[Stored entries]
>>

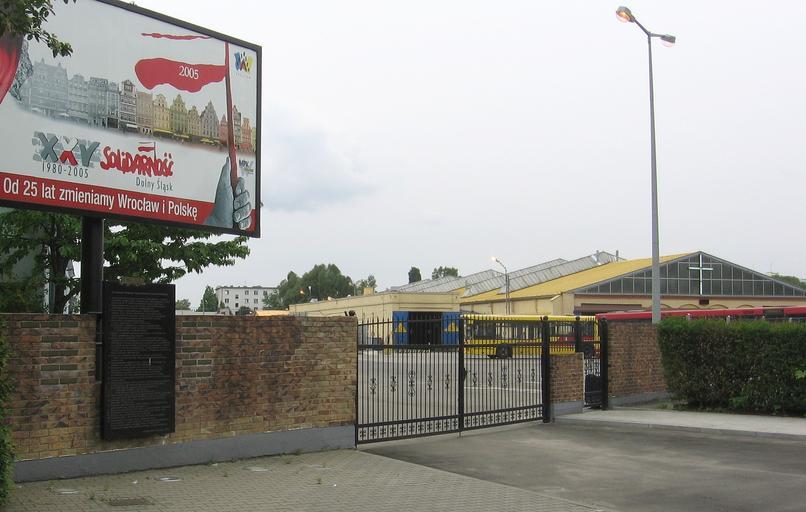 | Keywords: ZajezdniaGrabiszynska-brama.jpg thumb The plaque of rememberance for Wrocław's w Solidarność Solidarność creation in this place 1980 Tablica na pamiątkę utworzenia w tej zajezdni w 1980 wrocławskiej Solidarności Wrocław Poland - Grabiszyńska street public bus depot former tramway depot ul Grabiszyńska Wrocław - zajezdnia autobusowa dawna tramwajowa ; po lewej u dołu granitowa tablica zawierająca 21 postulatów Solidarności z 1980 2006-05-17 own assumed Julo Grabiszyńska bus depot in Wrocław Plaques to Solidarność Grabiszyńska Street Wrocław |
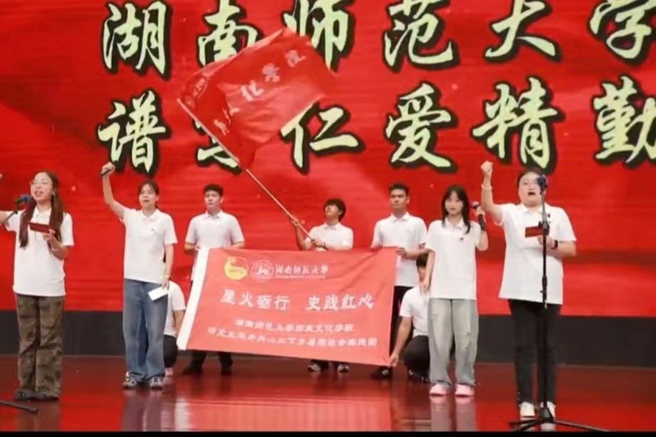 在开营仪式后的团队风采展示环节,各地高校纷纷亮出特色。湖南师大学子以一首饱含深情与力量的诗歌朗诵《薪火之路:星城到井冈》,展现了独属于师大人的昂扬精气神。
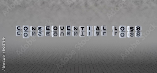 consequential loss word or concept represented by black and white letter cubes on a grey horizon background stretching to infinity
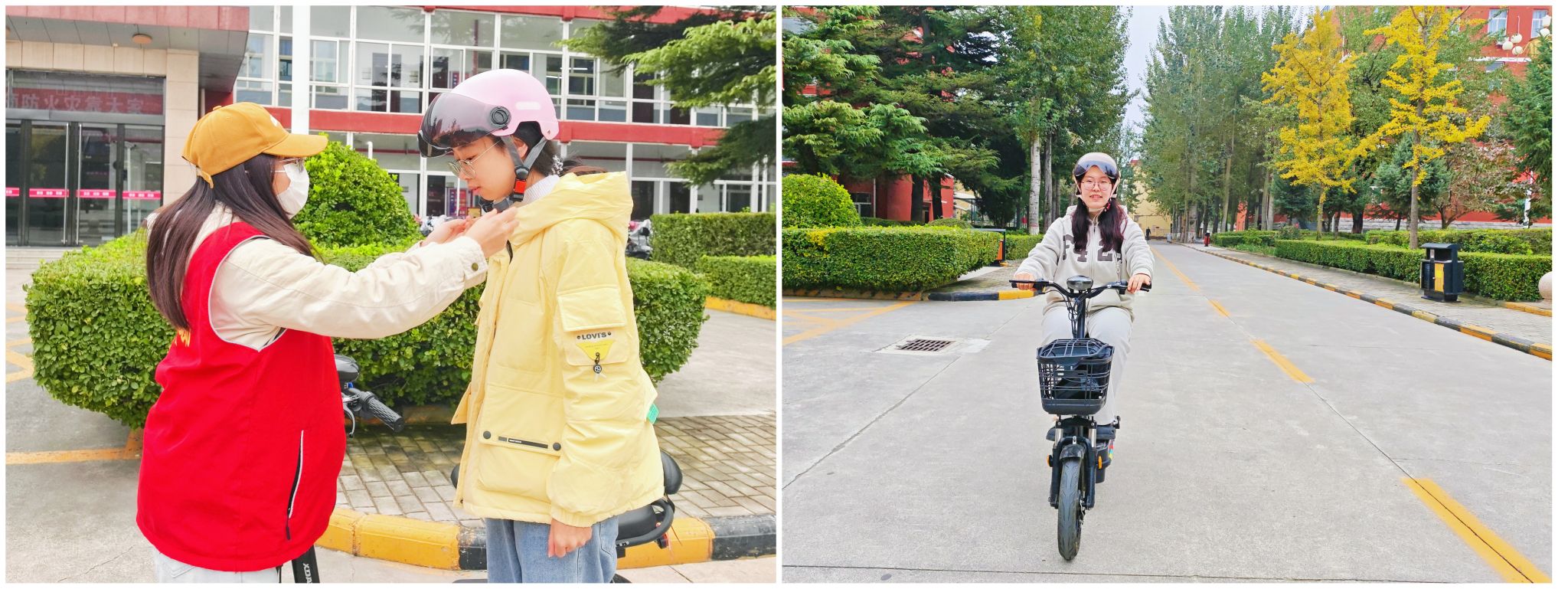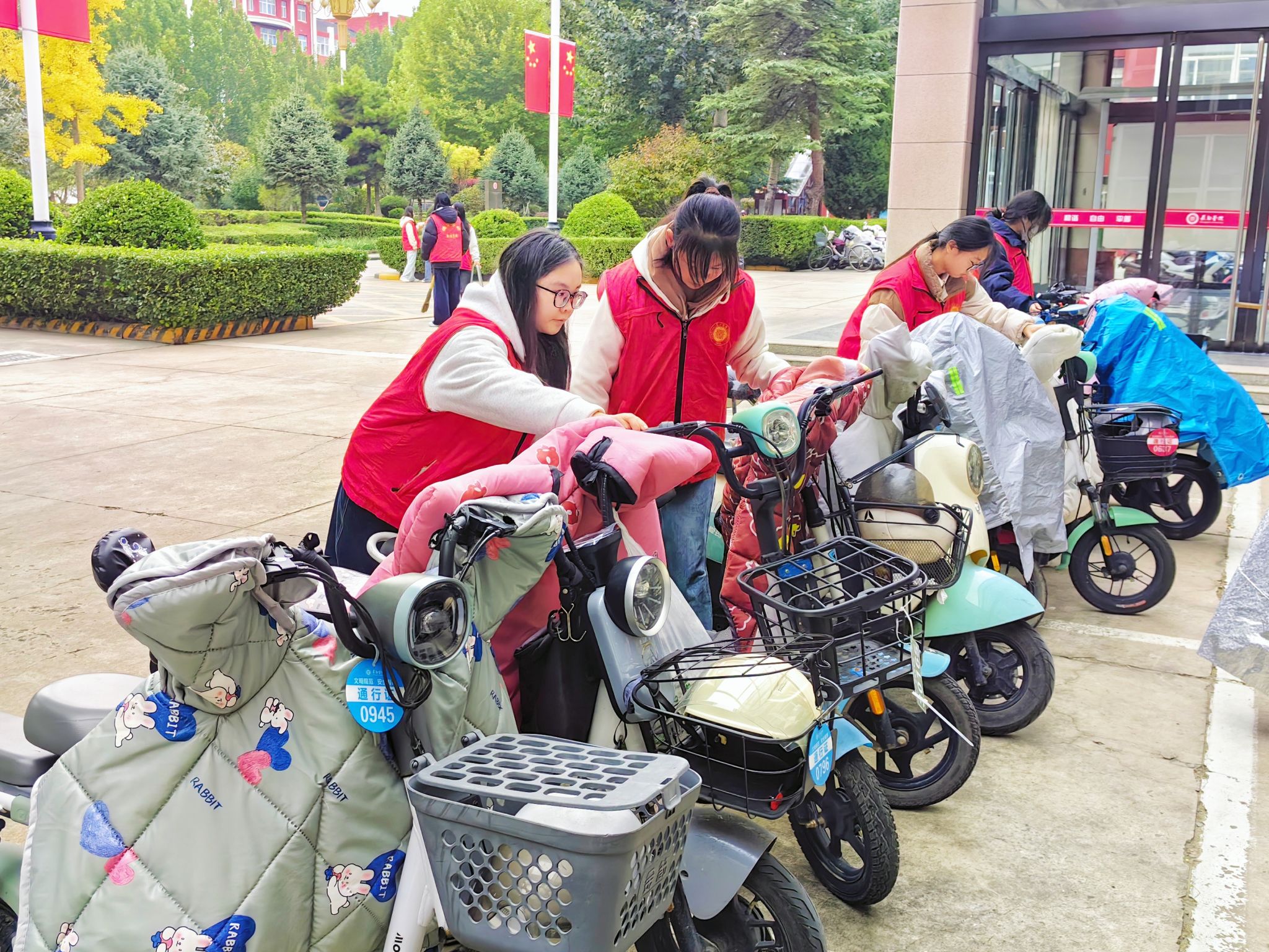 德育劳动的同学们积极担当起校园安全的“宣导者”与“守护者”。他们耐心细致地向同学们讲解电动车骑行规范,演示安全头盔的正确佩戴方法,将未按规定停放的电动车一一整理,引导其整齐“归位”,用实际行动于点滴细节中植入文明出行理念。
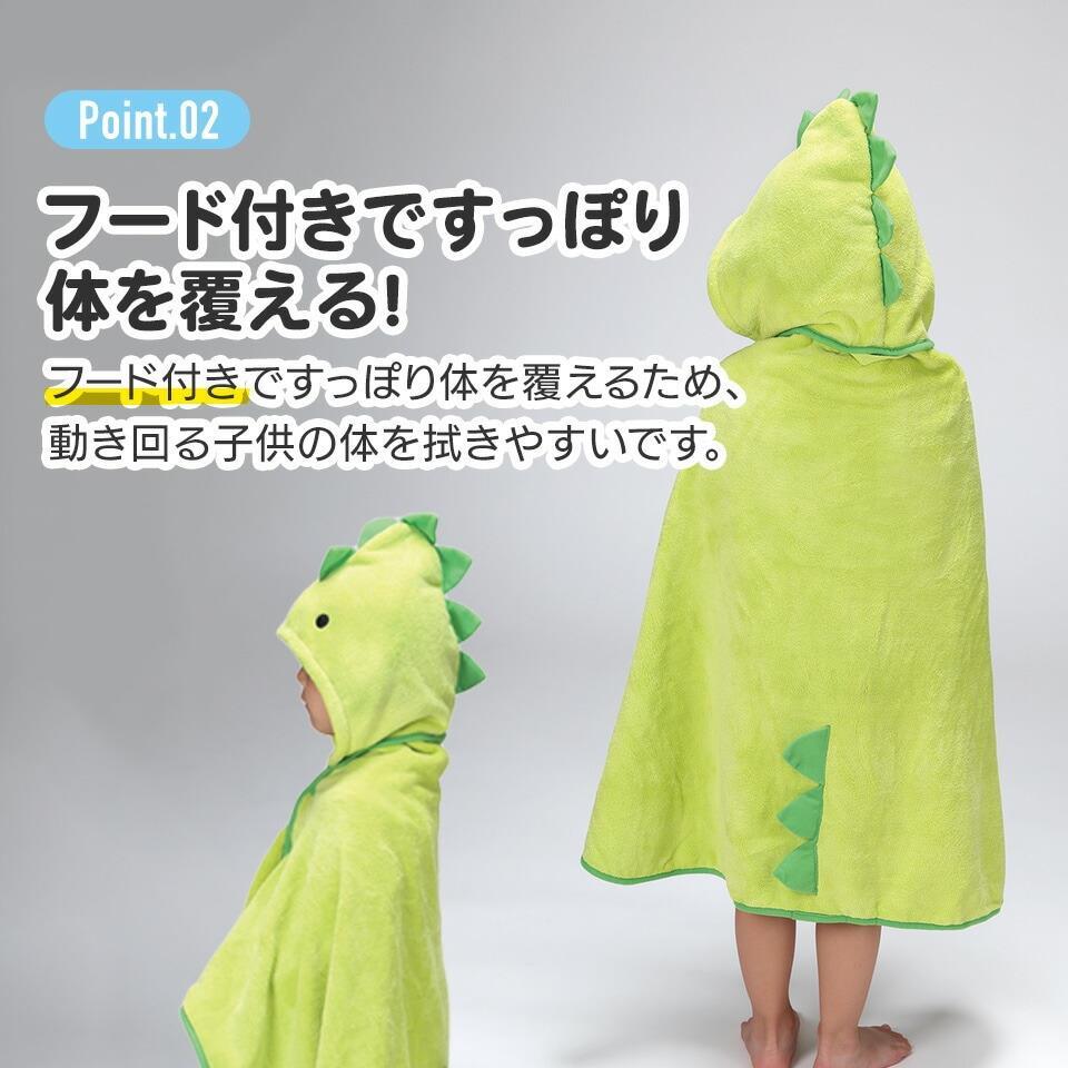 ●フード付きで体をすっぽり覆えるため、動き回るお子様の体も拭きやすい。
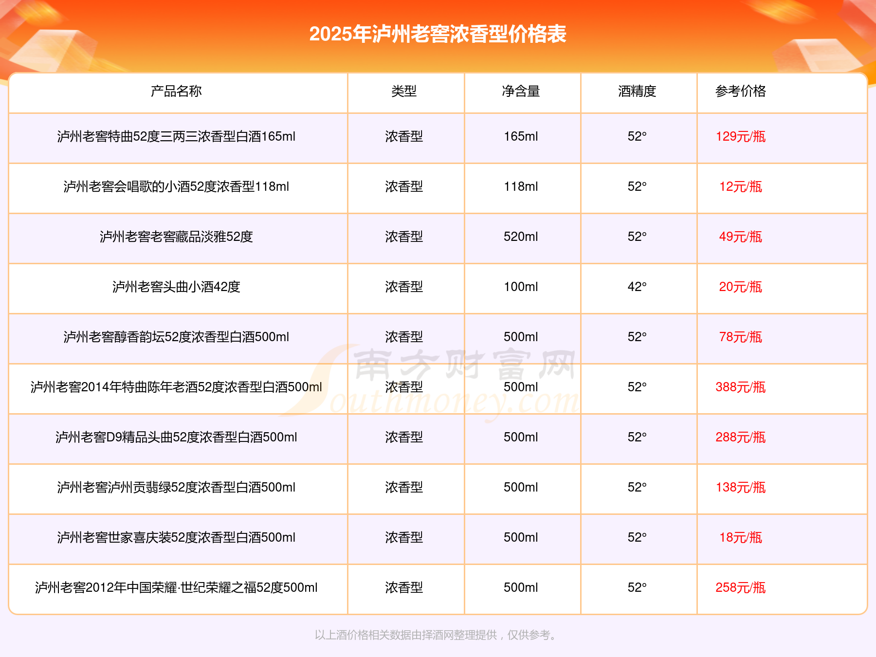 2025年瀘州老窖濃香型價(jià)格最高的酒是瀘州老窖國(guó)窖1573春釀鼠兆豐年E 55度,參考價(jià)17999元/瓶,最低的是瀘州老窖45度五洲醉8窖經(jīng)典小酒版濃香型100ml,參考價(jià)10元/瓶,價(jià)格高低差為17989元/瓶。
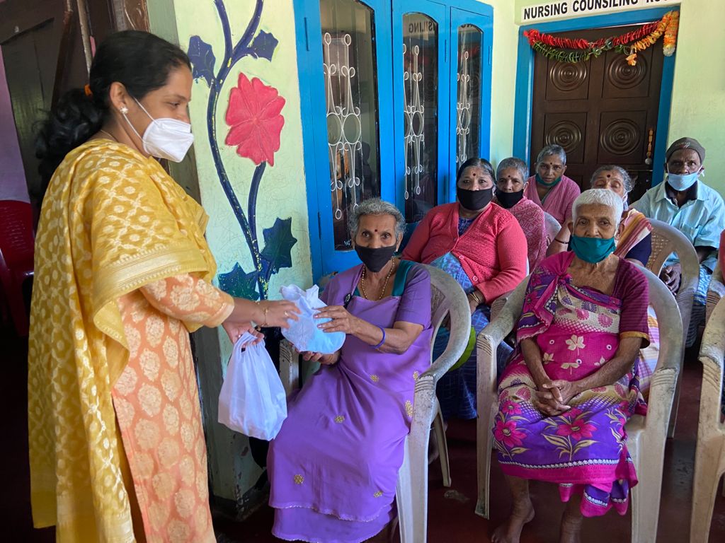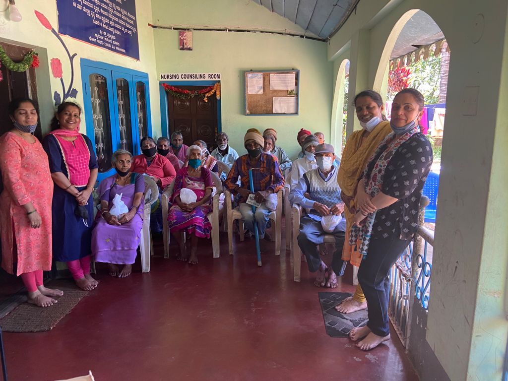 On 20th September we visited Shakthi dama Old age home at Madikeri and gave essential kits consisting of personal items( toothpaste, brush, towel , soap, mask) and biscuits to the inmates.
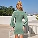Feature: Long puff sleeve style, mock neck, flattering slim fitted, chic bodycon sweater dresses, hits at mid thigh, body hugging. solid long sweaters dress.
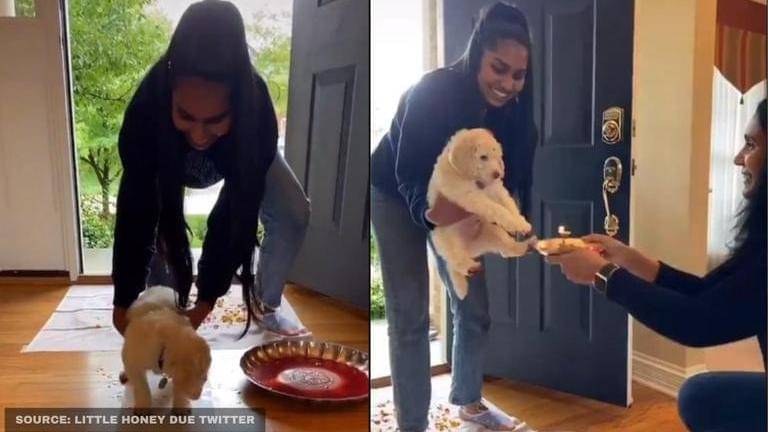 A puppy video recently went viral on Twitter wherein a pooch is welcomed home for the first time in a 'Kabhie Khushi Kabhi Gham' style by its family; watch
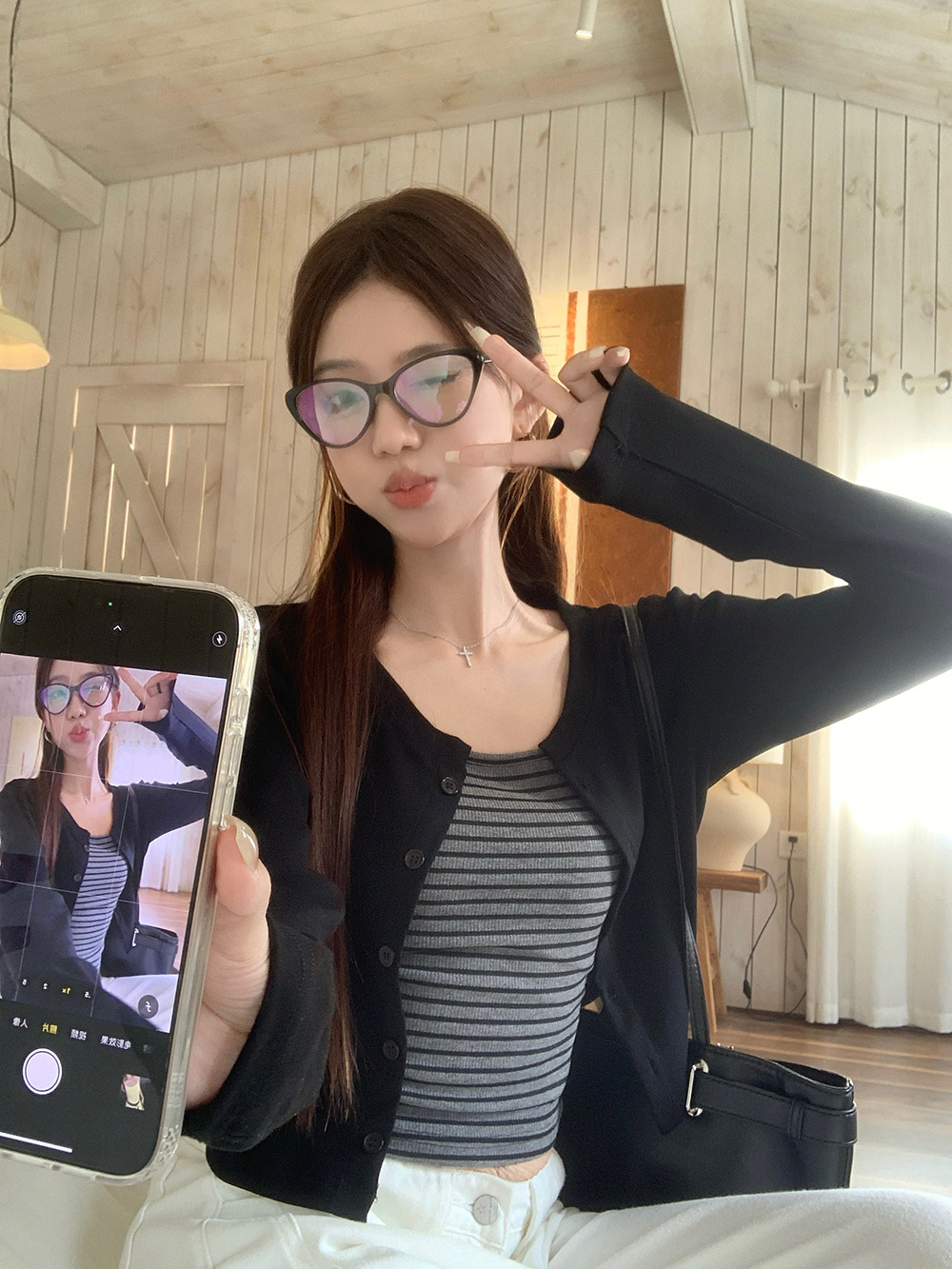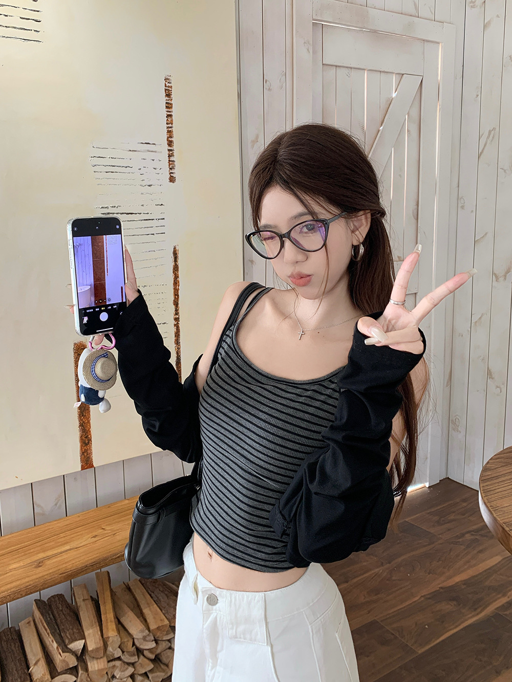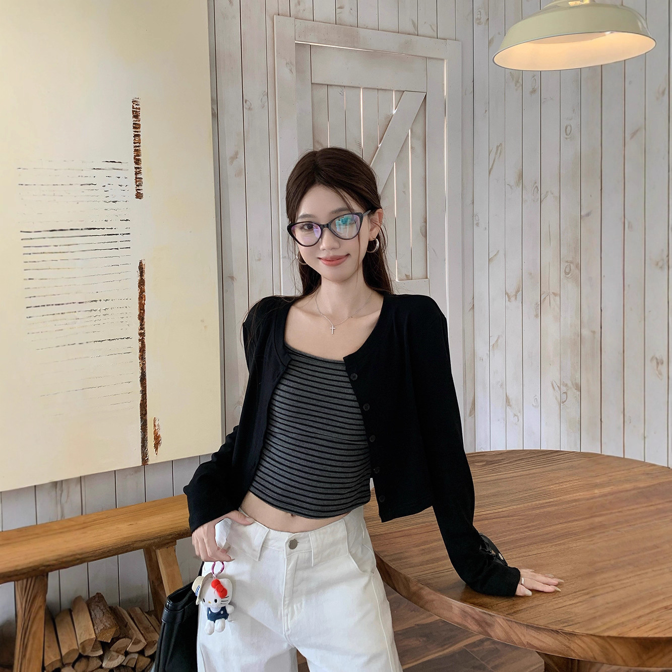 颜色 A278 条纹吊带+黑色开衫
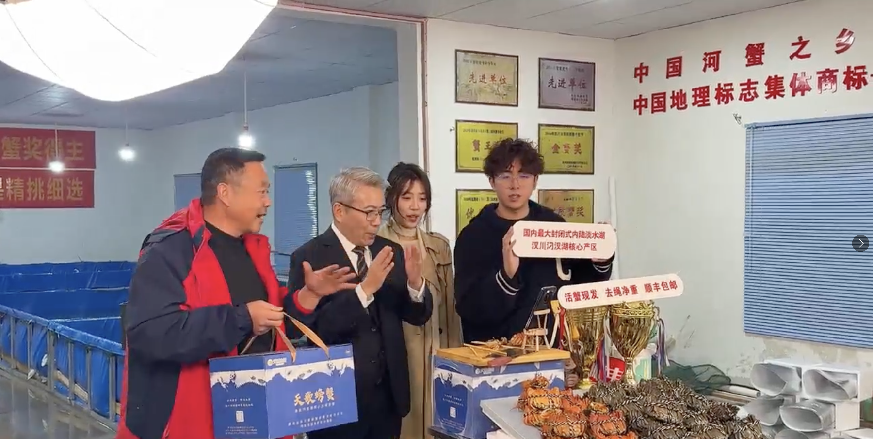 “谷哥”徐志新在汉川天歌螃蟹养殖专业合作社基地直播。

<<

## YOUR GOAL
If a record holds a picture, leave the picture out and copy the rest exactly.

## RESPONSE BELOW
 | Keywords: ZajezdniaGrabiszynska-brama.jpg thumb The plaque of rememberance for Wrocław's w Solidarność Solidarność creation in this place 1980 Tablica na pamiątkę utworzenia w tej zajezdni w 1980 wrocławskiej Solidarności Wrocław Poland - Grabiszyńska street public bus depot former tramway depot ul Grabiszyńska Wrocław - zajezdnia autobusowa dawna tramwajowa ; po lewej u dołu granitowa tablica zawierająca 21 postulatów Solidarności z 1980 2006-05-17 own assumed Julo Grabiszyńska bus depot in Wrocław Plaques to Solidarność Grabiszyńska Street Wrocław |
 在开营仪式后的团队风采展示环节,各地高校纷纷亮出特色。湖南师大学子以一首饱含深情与力量的诗歌朗诵《薪火之路:星城到井冈》,展现了独属于师大人的昂扬精气神。
 consequential loss word or concept represented by black and white letter cubes on a grey horizon background stretching to infinity
 德育劳动的同学们积极担当起校园安全的“宣导者”与“守护者”。他们耐心细致地向同学们讲解电动车骑行规范,演示安全头盔的正确佩戴方法,将未按规定停放的电动车一一整理,引导其整齐“归位”,用实际行动于点滴细节中植入文明出行理念。
 ●フード付きで体をすっぽり覆えるため、動き回るお子様の体も拭きやすい。
 2025年瀘州老窖濃香型價(jià)格最高的酒是瀘州老窖國(guó)窖1573春釀鼠兆豐年E 55度,參考價(jià)17999元/瓶,最低的是瀘州老窖45度五洲醉8窖經(jīng)典小酒版濃香型100ml,參考價(jià)10元/瓶,價(jià)格高低差為17989元/瓶。
 On 20th September we visited Shakthi dama Old age home at Madikeri and gave essential kits consisting of personal items( toothpaste, brush, towel , soap, mask) and biscuits to the inmates.
Feature: Long puff sleeve style, mock neck, flattering slim fitted, chic bodycon sweater dresses, hits at mid thigh, body hugging. solid long sweaters dress.
 A puppy video recently went viral on Twitter wherein a pooch is welcomed home for the first time in a 'Kabhie Khushi Kabhi Gham' style by its family; watch
 颜色 A278 条纹吊带+黑色开衫
 “谷哥”徐志新在汉川天歌螃蟹养殖专业合作社基地直播。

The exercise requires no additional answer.